Jason cites a number of reasons why people are staying in their houses for longer: houses are more expensive, stamp duty makes it very costly to move, flexibility in working arrangements means people don't have to move for work as much. And while people tend to stay in their homes for longer, their needs change depending on children growing up, moving away etc, so that flexibility again is so important with being able to adapt to the occupants, rather than moving out.
It isn't affordable enough for younger generations
A notable change in the types of people attending the home shows is that the self build community is getting older and greyer. Nowadays self build can take more money to do than it used to, with greater demand for land and resulting prices escalating, and the cost of materials increasing.
Jason worries that the opportunities for self build are not as available now to people in their twenties and thirties, and this is something that he would like to see change. But that will take changes in financial offerings, planning law and land availability.
His advice to them would be to be realistic and flexible in terms of area and the type of plot to go for. He warns against holding out for the perfect plot on the edge of a village with panoramic views, and suggests instead considering looking at the less attractive plots. He says as well as ugly duckling houses, there are ugly duckling plots which, once landscaped and with a well designed house on top, can really add value.

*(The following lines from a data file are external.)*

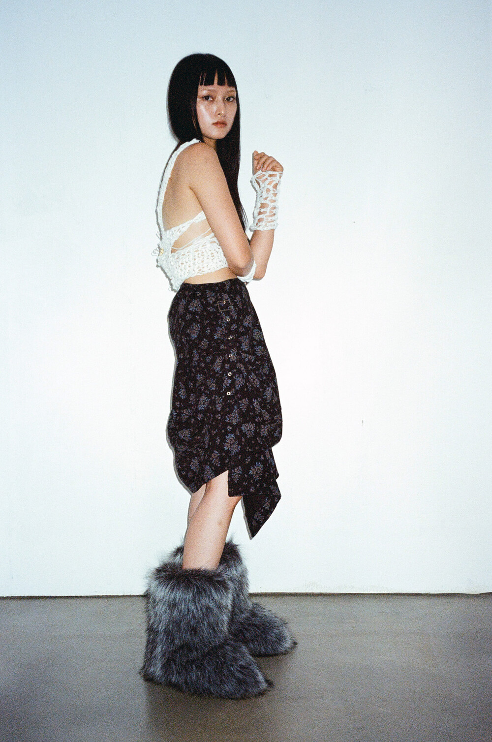 Floral Pattern Corduroy Skirt
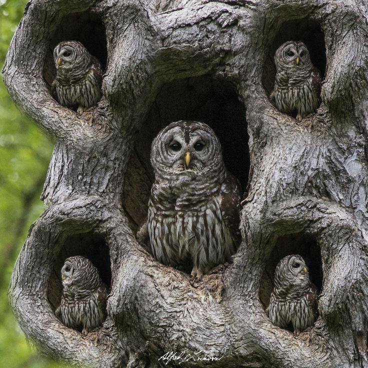 “Who?” “Who?” “Who?” “Who?” “Who?” said the five owls from the five hollows in the tree.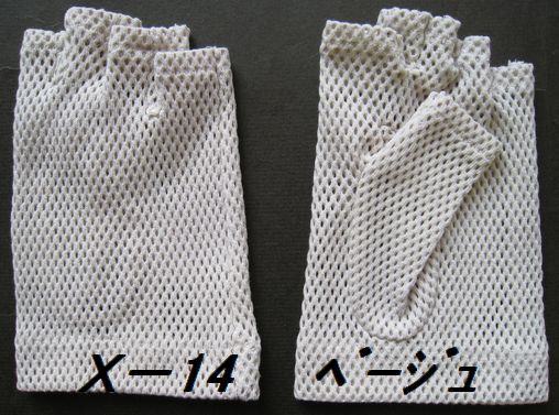 メッシュ生地の手袋14cmショート丈指切タイプです。

Jason suggests starting out in self build like starting on the property ladder, where you start small, do it two or three times and work your way up to building the house of your dreams. And with labour accounting for roughly half the costs on the build, he says you can save thousands of pounds by doing things like the tiling, kitchen fitting, decorating and landscaping yourself.
“One of the great unwritten things about self-building and renovating as well is that you never seem to quite get that day where you sit back and you say, ‘I’ve done it’ and you can sit back and enjoy it.
“You’ve just got to enjoy it as it goes through and take those little marks because there’s always going to be the garden to do; there’s always going to be that bit of the house that you didn’t quite finish off properly. I think for people who are interested in housing like we are, and there are thousands of people like us, I think, you have to just realise that that’s part of the process and part of the pleasure.”